WORK ORDER
Locate "Sastoji se od" in the data below, then output the line it is on and all following lines through the last, word for word. Skip any pictures.

(Collected data entries)
+ + + + + + +

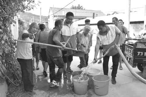 邵庄镇温庄村依山而建,这次遭受洪灾严重,村内供电变压器、生活用水水井、村路全部被冲毁,村民面临无水无电等困难。洪灾无情人有情,在了解到村民吃水难后,市规划局和山东中科嘉亿生物工程有限公司主要负责同志立即协调紧急调配了居民用水运输车,从公司厂区拉上水,为受灾村民送去生活饮用水,解决了燃眉之急。目前,正在积极协调帮助该村解决供电和出行问题。
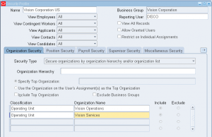 Note – From the above screen shots we can conclude that user with purchasing responsibility will be able to access data from two Operating Units Vision Operations and Vision Services
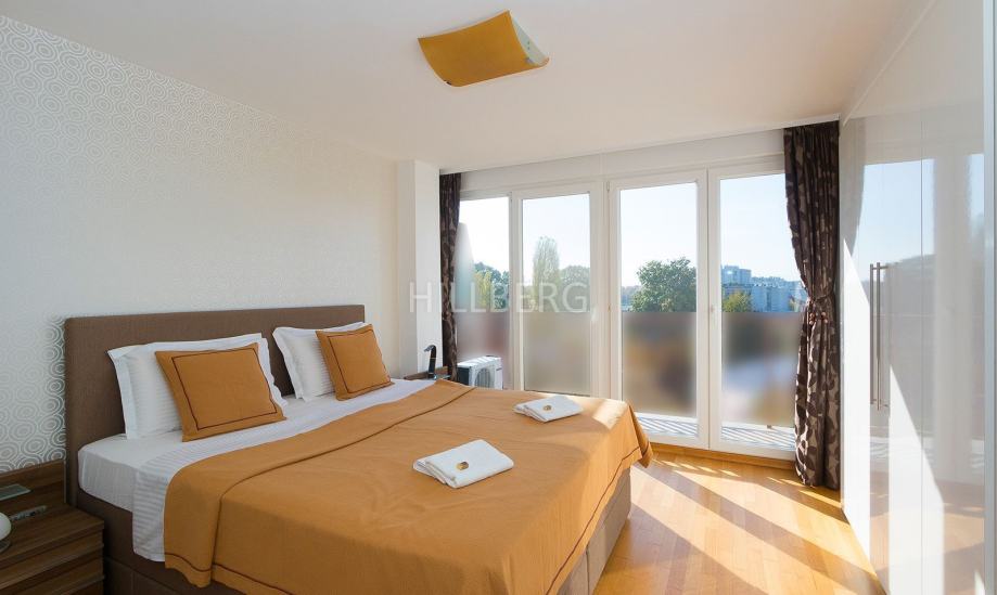 Sastoji se od blagovaonice, dnevnog boravka s izlazom na balkon od 9 m, kuhinje, 2 spavaće sobe, kupaonice s kadom.
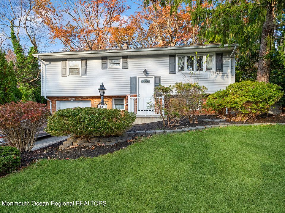 Beautiful Renovated Bi-level Home in a great location in Howell. The upstairs level has gorgeous hardwood flooring in the living room, bedrooms and hallway, updated bathroom, new kitchen with white cabinets and Stainless Steel appliances open to dining area with new double door opening to large two level decks. Downstairs has bedroom with new carpet, large family room with fireplace, new bathroom and 1 car garage with fully paved driveway. Private fenced backyard. Close shopping, schools, Route 9 & 195. Large Backyard for your enjoyment
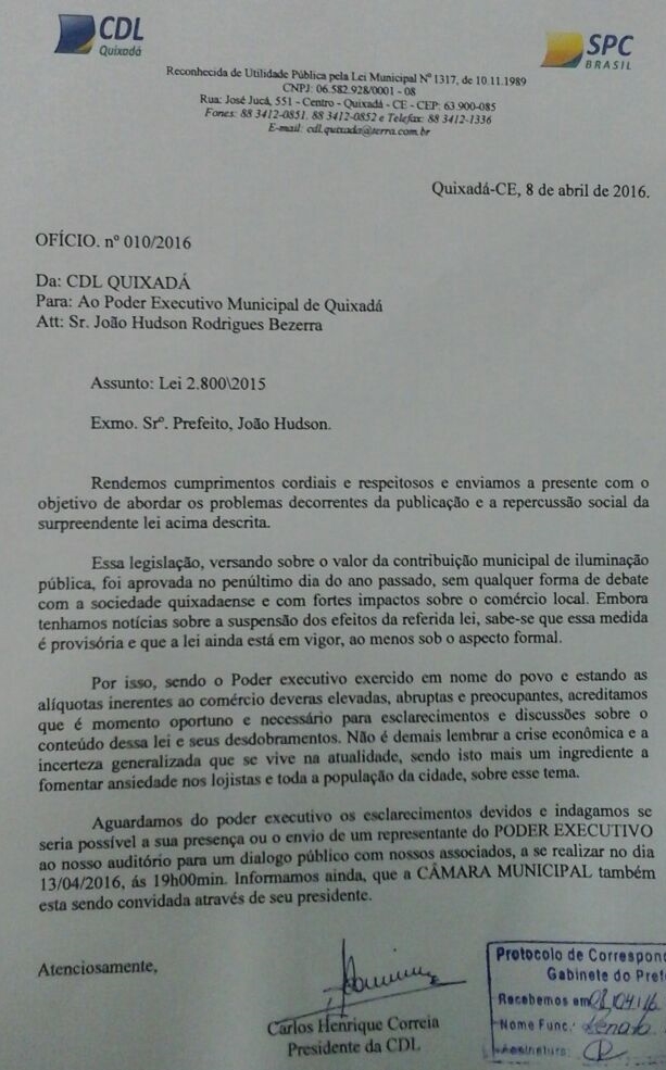O presidente da Câmara dos Dirigentes Lojistas de Quixadá (CDL), Carlos Henrique Correia, enviou à Prefeitura e à Câmara de Vereadores deste município do Sertão Central, uma solicitação de esclarecimentos acerca da Lei 040/2015, que elevou a taxa de iluminação pública para patamares considerados inaceitáveis pelos consumidores.
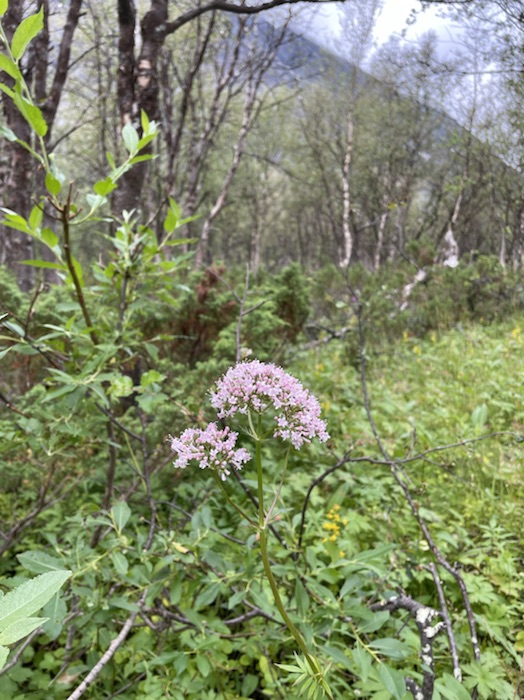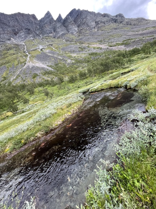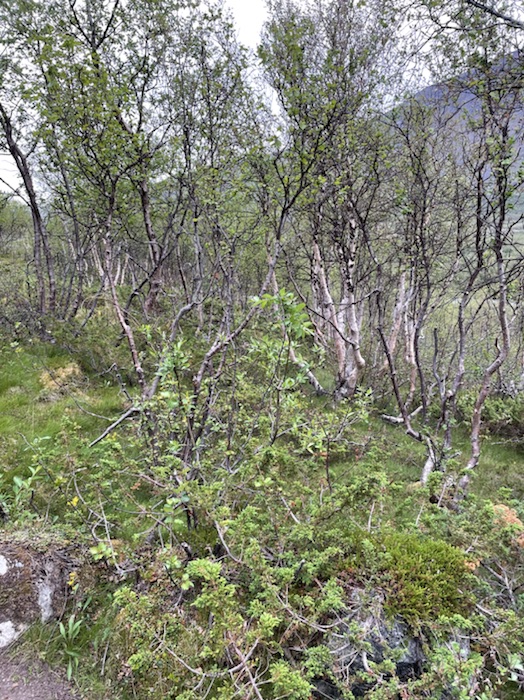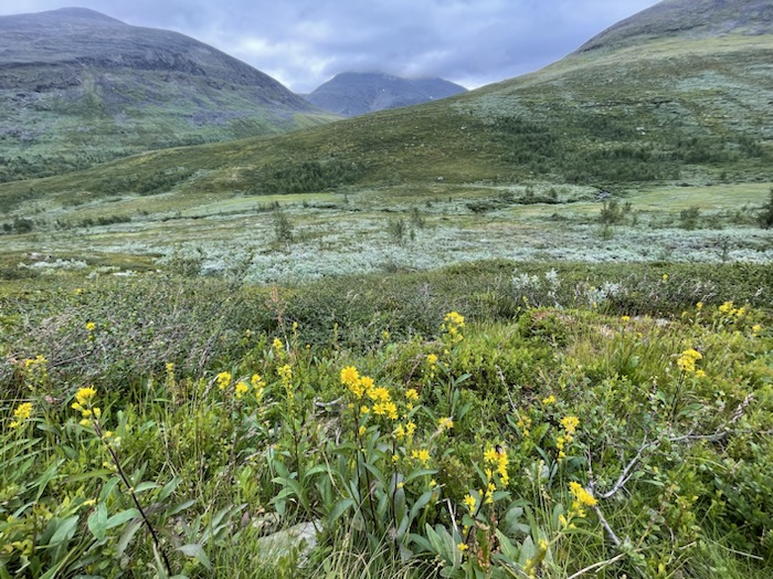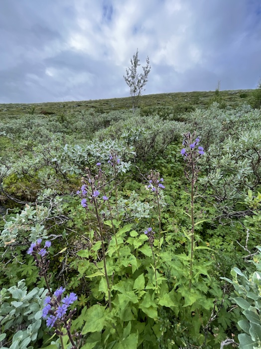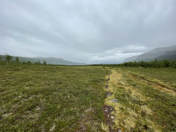 Vaknade upp mycket piggare även om det var en kort sömn och lagade min grötfrukost sittandes inne i tältet. Gjorde sen morgonbestyren. Ett lätt regn smattrade mot tältduken som avtog. Gick sen och tvagade mig i bäcken bredvid, diskade och fyllde på vattenflaskorna. Började min vandring strax före 08:00. Vandrade i ett vackert landskap med mycket fjällbjörk, enar och många blommor. Fåglar sjöng för mig. Bestämde mig för att prova spela in dagboksanteckningar istället för att skriva.

+ + + + + + +

YOUR SOLUTION
 Sastoji se od blagovaonice, dnevnog boravka s izlazom na balkon od 9 m, kuhinje, 2 spavaće sobe, kupaonice s kadom.
 Beautiful Renovated Bi-level Home in a great location in Howell. The upstairs level has gorgeous hardwood flooring in the living room, bedrooms and hallway, updated bathroom, new kitchen with white cabinets and Stainless Steel appliances open to dining area with new double door opening to large two level decks. Downstairs has bedroom with new carpet, large family room with fireplace, new bathroom and 1 car garage with fully paved driveway. Private fenced backyard. Close shopping, schools, Route 9 & 195. Large Backyard for your enjoyment
O presidente da Câmara dos Dirigentes Lojistas de Quixadá (CDL), Carlos Henrique Correia, enviou à Prefeitura e à Câmara de Vereadores deste município do Sertão Central, uma solicitação de esclarecimentos acerca da Lei 040/2015, que elevou a taxa de iluminação pública para patamares considerados inaceitáveis pelos consumidores.
 Vaknade upp mycket piggare även om det var en kort sömn och lagade min grötfrukost sittandes inne i tältet. Gjorde sen morgonbestyren. Ett lätt regn smattrade mot tältduken som avtog. Gick sen och tvagade mig i bäcken bredvid, diskade och fyllde på vattenflaskorna. Började min vandring strax före 08:00. Vandrade i ett vackert landskap med mycket fjällbjörk, enar och många blommor. Fåglar sjöng för mig. Bestämde mig för att prova spela in dagboksanteckningar istället för att skriva.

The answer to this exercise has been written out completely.